AVAILABLE DATA -

>>>>>

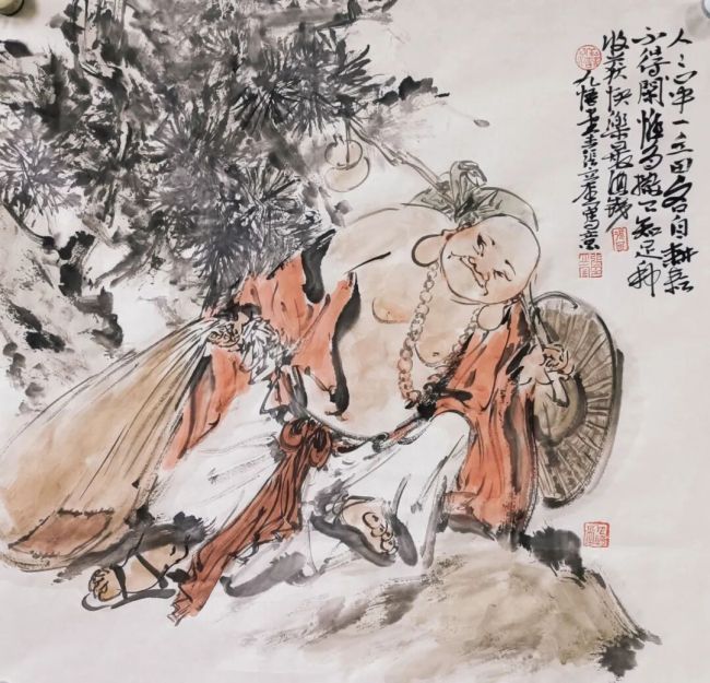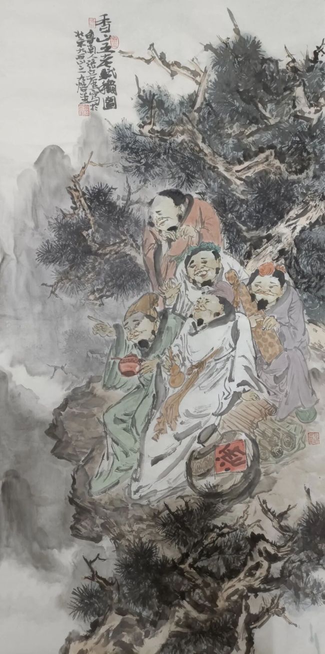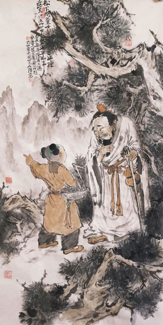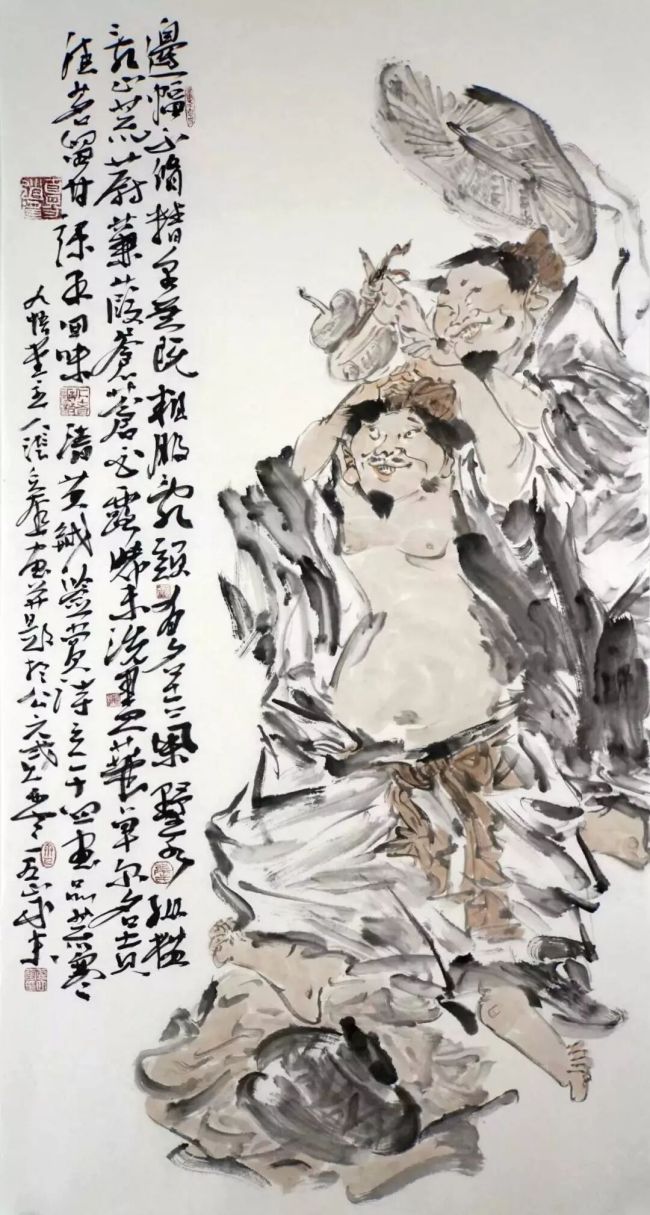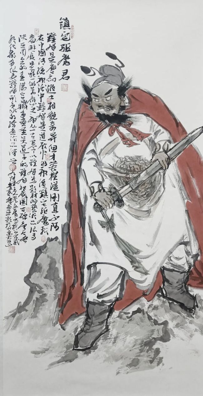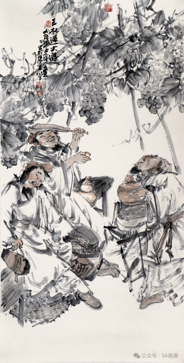 然而,真正的传承,从来不是简单的回归与摹写。张立奎先生的艺术之路,是一条“走出去”又“走回来”的循环升华之路。他带着故乡的馈赠远行,在更广阔的艺术天地中汲取养分,将现代的视觉经验与个人的生命感悟,大胆地“融今”于传统水墨的框架之中。他的作品,因而呈现出一种动人的张力:既有传统写意精神的挥洒与超逸,又充满了现代构成的形式感与力量感;他笔下的人物,既是根植于这片土地的鲜活个体,又承载着人类共通的思考与情感。
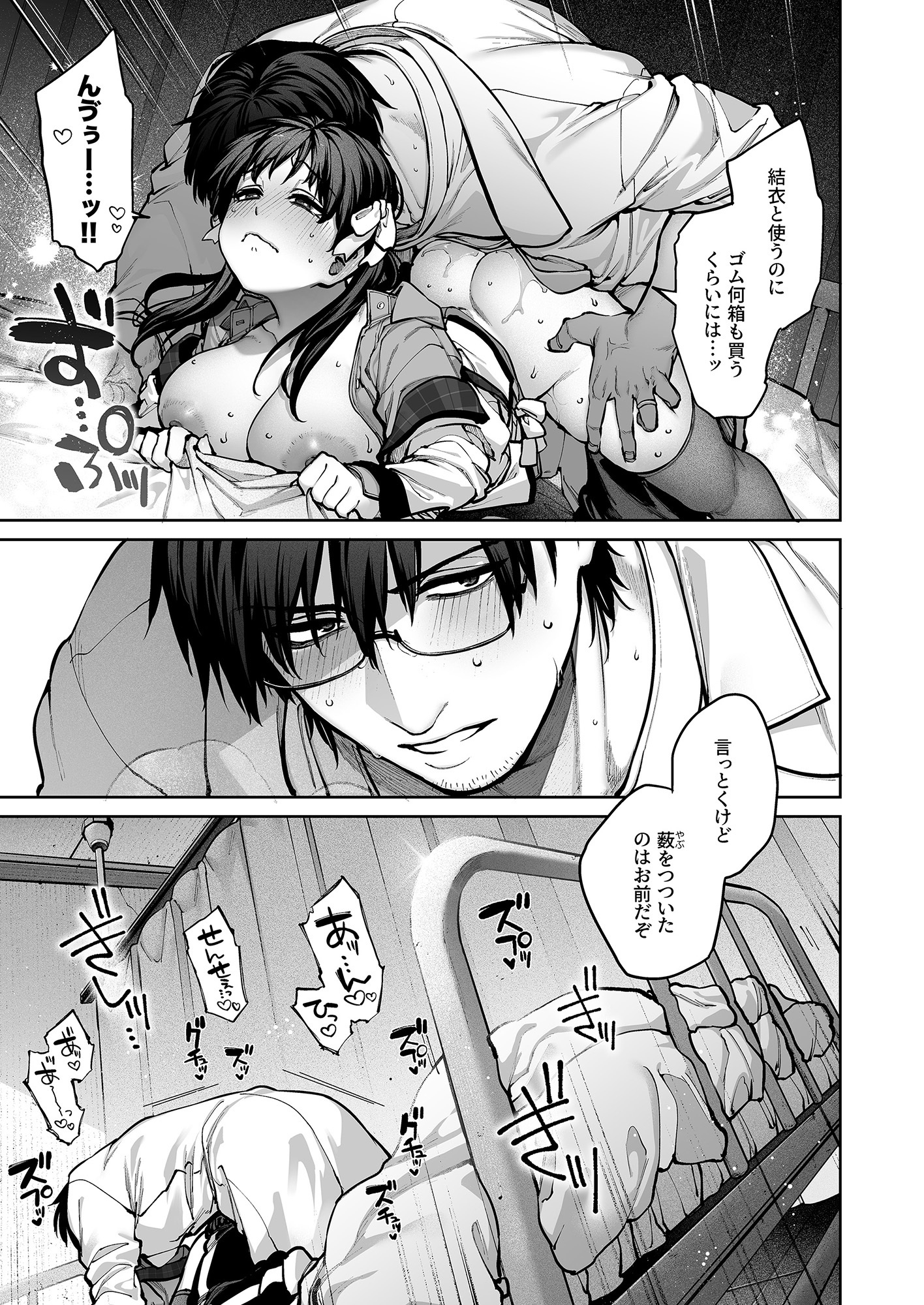 普段男性向けで活躍されている作者だけあって、体の描き込みや汁の表現、筋肉のリアルさが半端ありません。
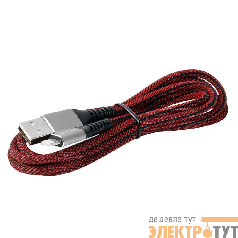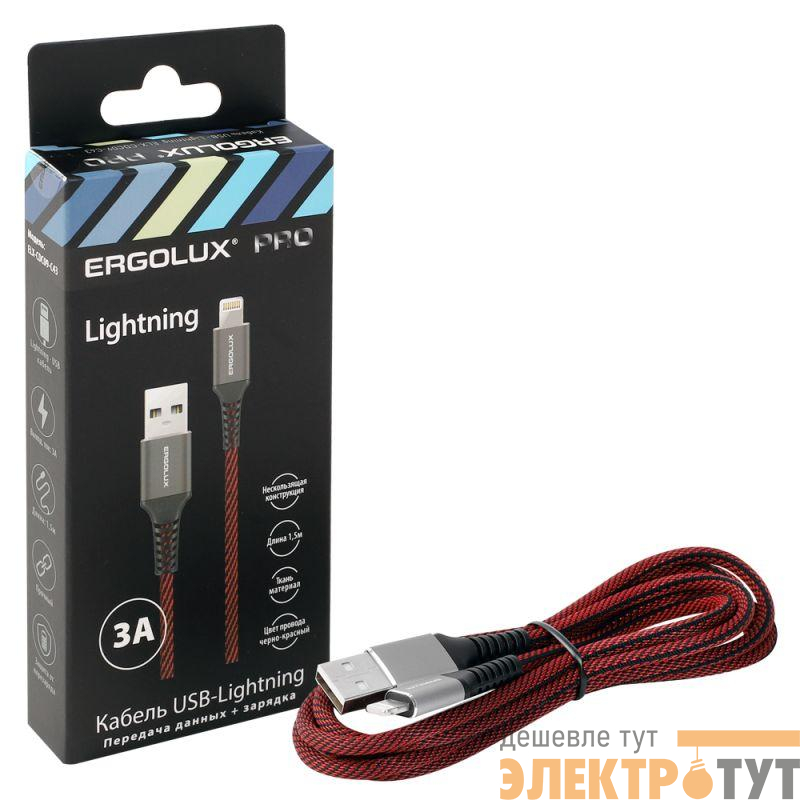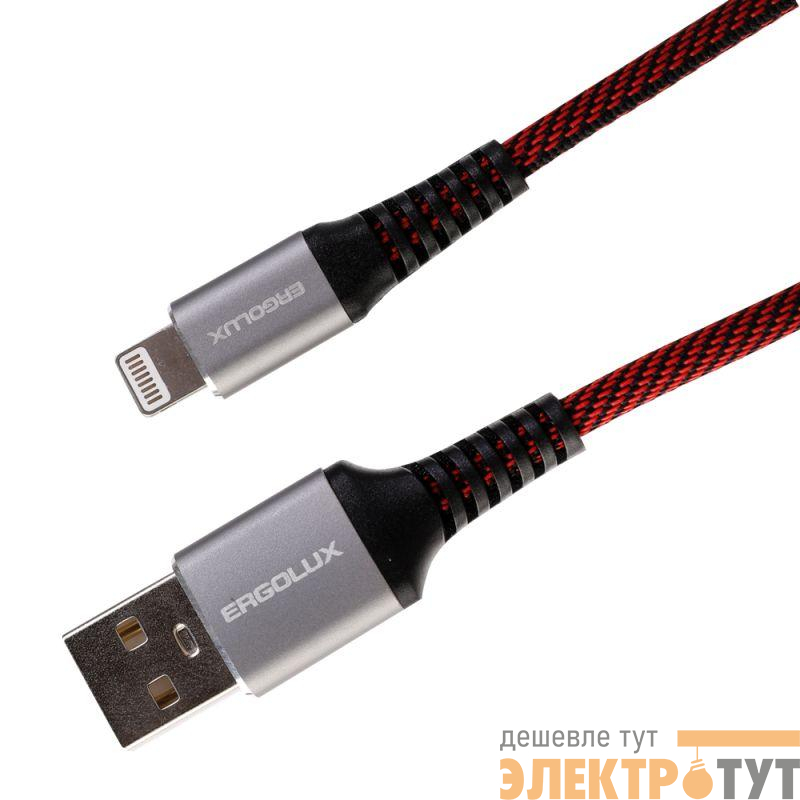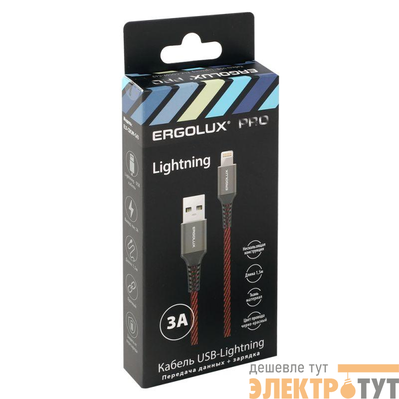 15310 | Кабель USB-Lightning ELX-CDC09-C43 3А 1.5м черн./красн. ткань зарядка+ПД коробка Ergolux
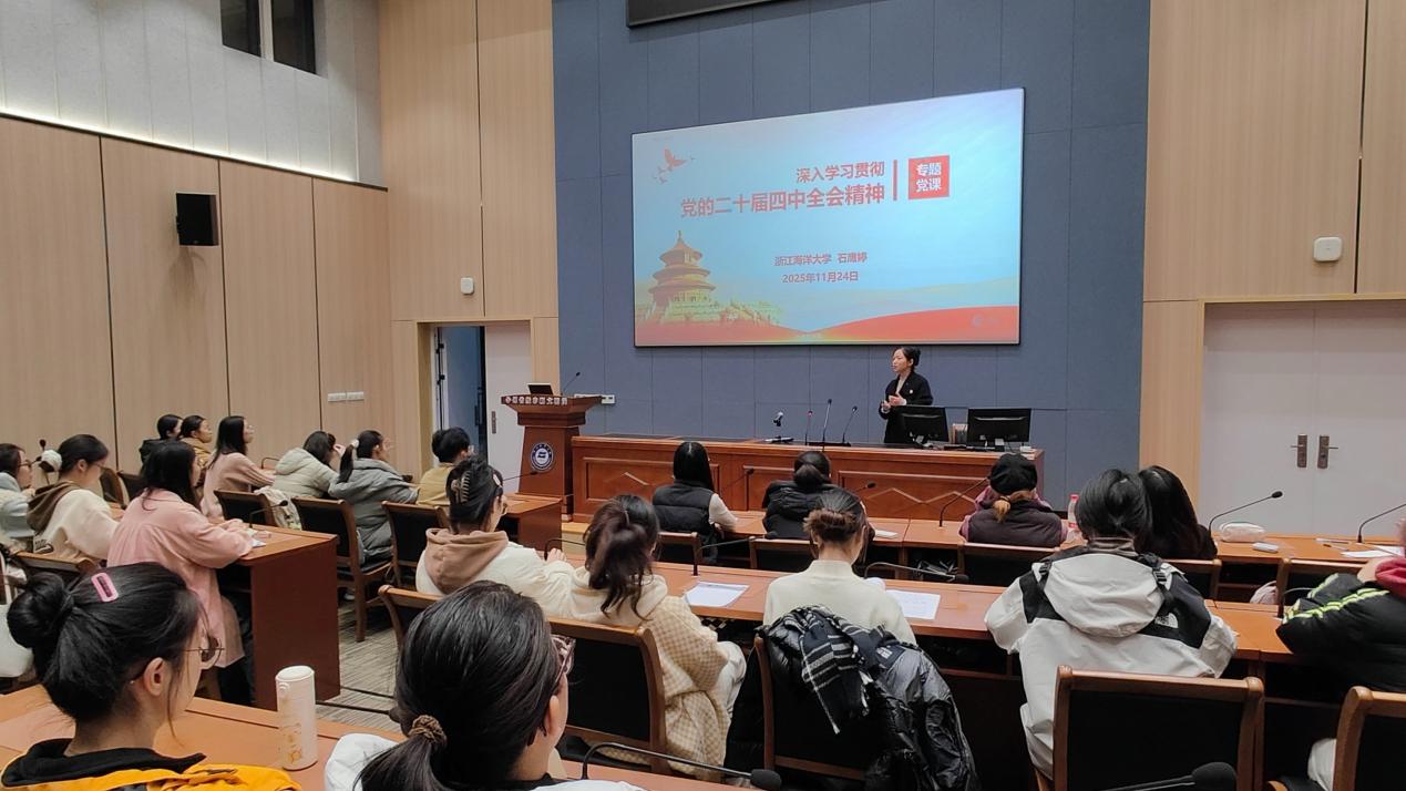 党委邀请浙江省“新时代真理的味道”青春宣讲团、舟山市“新潮声”理论宣讲团、学校“海潮·8090”理论宣讲团成员、学院学工办石鹰婷老师,面向全院学生党员开展专题党课学习,引导学生党员深刻领会全会精神实质,将理论学习与专业发展、实践服务相结合。

<<<<<

TASK PROMPT -
Copy the listing above word for word. Do not include the pictures.

EXERCISE RESPONSE -
 然而,真正的传承,从来不是简单的回归与摹写。张立奎先生的艺术之路,是一条“走出去”又“走回来”的循环升华之路。他带着故乡的馈赠远行,在更广阔的艺术天地中汲取养分,将现代的视觉经验与个人的生命感悟,大胆地“融今”于传统水墨的框架之中。他的作品,因而呈现出一种动人的张力:既有传统写意精神的挥洒与超逸,又充满了现代构成的形式感与力量感;他笔下的人物,既是根植于这片土地的鲜活个体,又承载着人类共通的思考与情感。
 普段男性向けで活躍されている作者だけあって、体の描き込みや汁の表現、筋肉のリアルさが半端ありません。
 15310 | Кабель USB-Lightning ELX-CDC09-C43 3А 1.5м черн./красн. ткань зарядка+ПД коробка Ergolux
 党委邀请浙江省“新时代真理的味道”青春宣讲团、舟山市“新潮声”理论宣讲团、学校“海潮·8090”理论宣讲团成员、学院学工办石鹰婷老师,面向全院学生党员开展专题党课学习,引导学生党员深刻领会全会精神实质,将理论学习与专业发展、实践服务相结合。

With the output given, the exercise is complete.